Digest of Westerngeco L.L.C. v. Ion Geophysical Corporation, No. 2013-1527, 2014-1121, 2014-1526, 2014-1528 (Fed. Cir. July 2, 2015) (precedential). On appeal from S.D. Tex. Before Dyk, Wallach, and Hughes.
Procedural Posture: After all of the asserted claims were found infringed under 35 U.S.C § 271(f) and not invalid, and $93.4M in lost profits and $12.5M in reasonable royalties were awarded, defendant ION appealed, arguing that plaintiff WesternGeco was not the owner of the patents in suit, that the district court applied an incorrect standard in granting summary judgment as to one claim under 35 U.S.C. § 271 (f)(1), and that lost profits were impermissibly awarded for conduct abroad. Plaintiff conditionally cross appealed, arguing to set aside the damages award because the district court erred in preventing plaintiff’s damages expert from testifying on the issue of reasonable royalty. CAFC affirmed on all issues except that it reversed the award of lost profits resulting from conduct occurring abroad.
- Ownership of Patents: Denying Defendant’s argument that the chain of title to the patents was defective, the Federal Circuit examined a series of transactions and first expressed that the patent rights were apparently transferred from the inventors to “Geco” in the early 1990s, from Geco to “STC” in 1998, and from STC to plaintiff WesternGeco in a 2000 merger agreement. Defendant argued that while the inventors were perhaps obligated to transfer their rights to Geco, no such transfer actually occurred. However, even if the inventors still owned their rights after the 2000 merger, the Federal Circuit explained, they transferred their relevant rights to STC in 2001, and since the 2000 agreement between STC and WesternGeco “included the rights to future patents resulting from the existence of a previous invention,” the transfer of the patent rights from STC to WesternGeco occurred automatically under the 2000 agreement.
- § 271(f): The district court did not err in rejecting a proposed jury instruction enjoining the jury, when deciding infringement under § 271(f)(2), from considering the Court’s prior summary judgment of infringement under § 271(f)(1), since the issue of intent that the components be combined abroad is applicable to both § 271(f)(1) and (f)(2).
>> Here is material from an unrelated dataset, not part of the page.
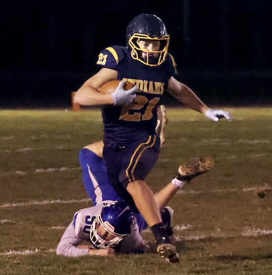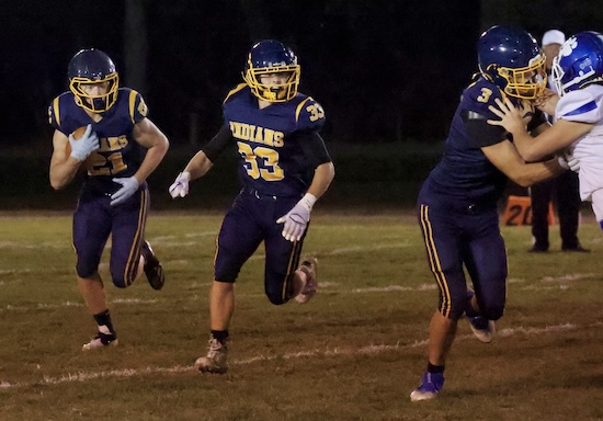 Another forced punt by the Indians’ ‘D’ gave them the ball at their own 35 as the second quarter wound down. After a couple of gains by Kegan Lane, Hess found Cam Stahli for a 57-yard TD pass and after Churchill’s good PAT, CV led 14-0 with 2:29 left before the break.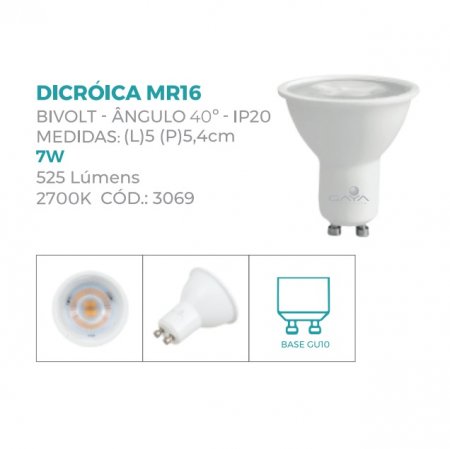 Lâmpada led MR16 7w 2700k 525lm 40º-Gaya

- Lost Profits: Plaintiff WesternGeco was not entitled to lost profits resulting from its failure to win foreign service contracts, the failure of which allegedly resulted from Defendant ION’s supplying infringing products to WesternGeco’s competitors. § 271(f) does not eliminate the presumption against extraterritoriality. Under § 271(f), it is the act of exporting the components from the U.S. which creates the liability, and the liability attaches in the U.S. The U.S. exporter of the component parts is, however, not liable for use of the infringing article abroad. Thus, the foreign service contracts could not serve as the basis for a lost profits award.
- Reasonable Royalty: District court did not abuse its discretion in excluding testimony from Plaintiff’s damages expert, who proposed a reasonable royalty that was four times Defendant’s revenue.
- Willful Infringement: While the jury determined, under the subjective Seagate-prong, that Defendant actually knew, or it was so obvious that Defendant should have known, that its actions constituted infringement of a valid patent, the district court did not err in finding, under the objective Seagate-prong, that Defendant’s defenses were “not unreasonable by clear and convincing evidence,” “not objectively baseless,” and “reasonable,” and therefore refusing to award enhanced damages.
- Dissent (Wallach): Judge Wallach dissented on the reversal of lost foreign sales when determining damages, arguing that “[t]he majority’s near-absolute bar to the consideration of a patentee’s foreign lost profits is contrary to the precedent both of this court and of the Supreme Court.”